On Monday, July 24, 2017 3:54:11 AM PDT Emil Velikov wrote: > Hi Ken, > > Admittedly I'm not an expert in the area, so perhaps a rather silly question. > > On 22 July 2017 at 00:17, Kenneth Graunke <kenn...@whitecape.org> wrote: > > > +#ifdef USE_SSE41 > > + if (!cache->bo->cache_coherent && cpu_has_sse4_1) > > + _mesa_streaming_load_memcpy(map, cache->map, cache->next_offset); > > + else > > +#endif > > + memcpy(map, cache->map, cache->next_offset); > The other user of _mesa_streaming_load_memcpy - > intel_miptree_map/intel_miptree_map_movntdqa does not seem to check > for the coherency flag. > > Which makes me wonder: > Did you intentionally combine the SSE4.1 check with the > !cache_coherent one, should there be a similar check in the miptree > code or the two cases are orthogonal? > > Thanks > Emil >
The other code uses brw->has_llc.
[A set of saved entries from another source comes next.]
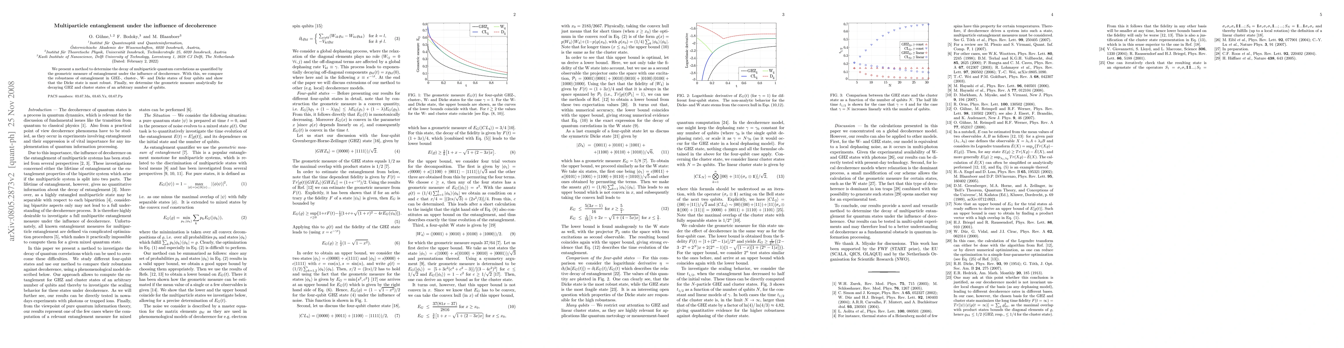 This paper develops a method to quantify the decay of multiparticle quantum correlations due to decoherence, comparing the robustness of entanglement in GHZ, cluster, W, and Dicke states of four qubits. It finds that the Dicke state exhibits the highest robustness, and analytically determines the geometric measure for decaying GHZ and cluster states with any number of qubits.
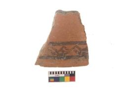 | Description / विवरण | Specimen of black on red ware with black decorative Lines intersecting eachother geometric painting. |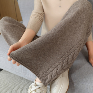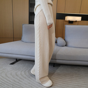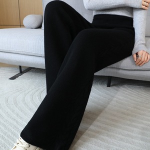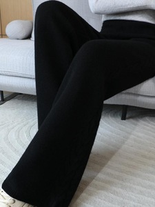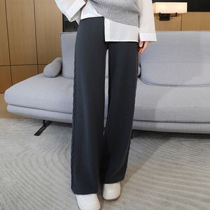 秋冬新作ハイウエストドレープ厚みのあるワイドレッグフロアレングスパンツ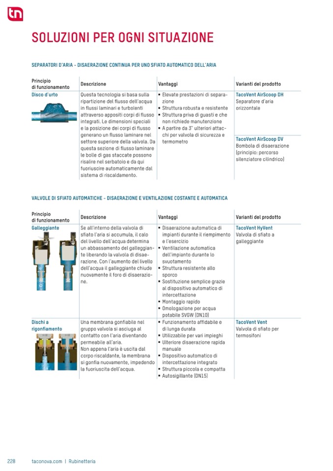 SEPARATORI D'ARIA DISAERAZIONE CONTINUA PER UNO SFIATO AUTOMATICO DELL'ARIA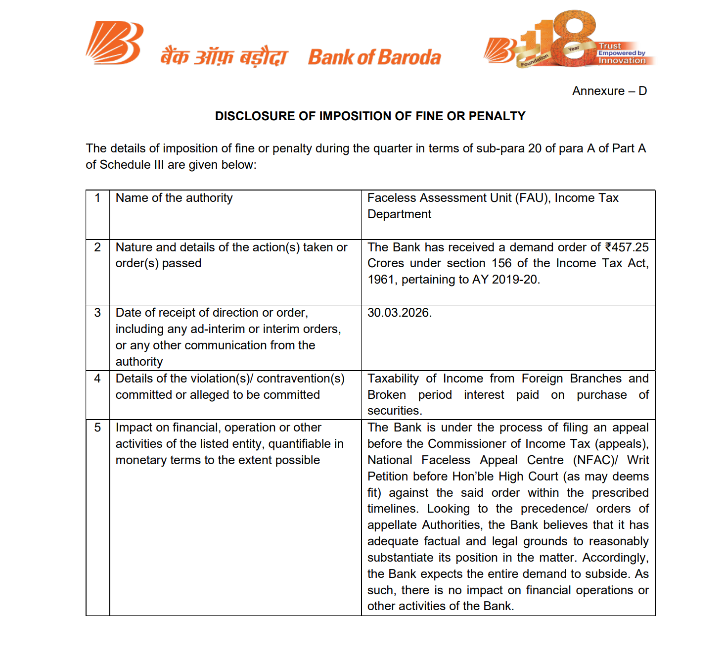 Bank of Baroda has received a tax demand order of ₹457.25 crore from the Income Tax Department (Faceless Assessment Unit) for AY 2019-20. The bank plans to challenge the order through legal channels and expects the demand to be resolved in its favor.

Basically, on LLC platforms, all buffers other than scanout are coherent. On non-LLC, almost all buffers are non-coherent. We originally didn't have a bo->cache_coherent flag, and used brw->has_llc as the distinguishing factor. On non-LLC, you can make buffers coherent by enabling snooping (but it's expensive). We haven't ever done that yet, though Chris has patches to do so for query object buffers, where we want the CPU and GPU to be able to read an "I'm done!" flag for CheckQuery. So, it would probably be reasonable to change intel_miptree_map to use bo->cache_coherent instead of brw->has_llc, though this is unlikely to matter in practice since snooping for textures doesn't make much sense, and on LLC systems, we're probably not going to map the scanout buffer. MOVNTDQA gives faster streaming read performance when sourcing from uncached memory, apparently. Non-coherent BOs bypass the CPU caches, so we want to use it there.
signature.asc
Description: This is a digitally signed message part.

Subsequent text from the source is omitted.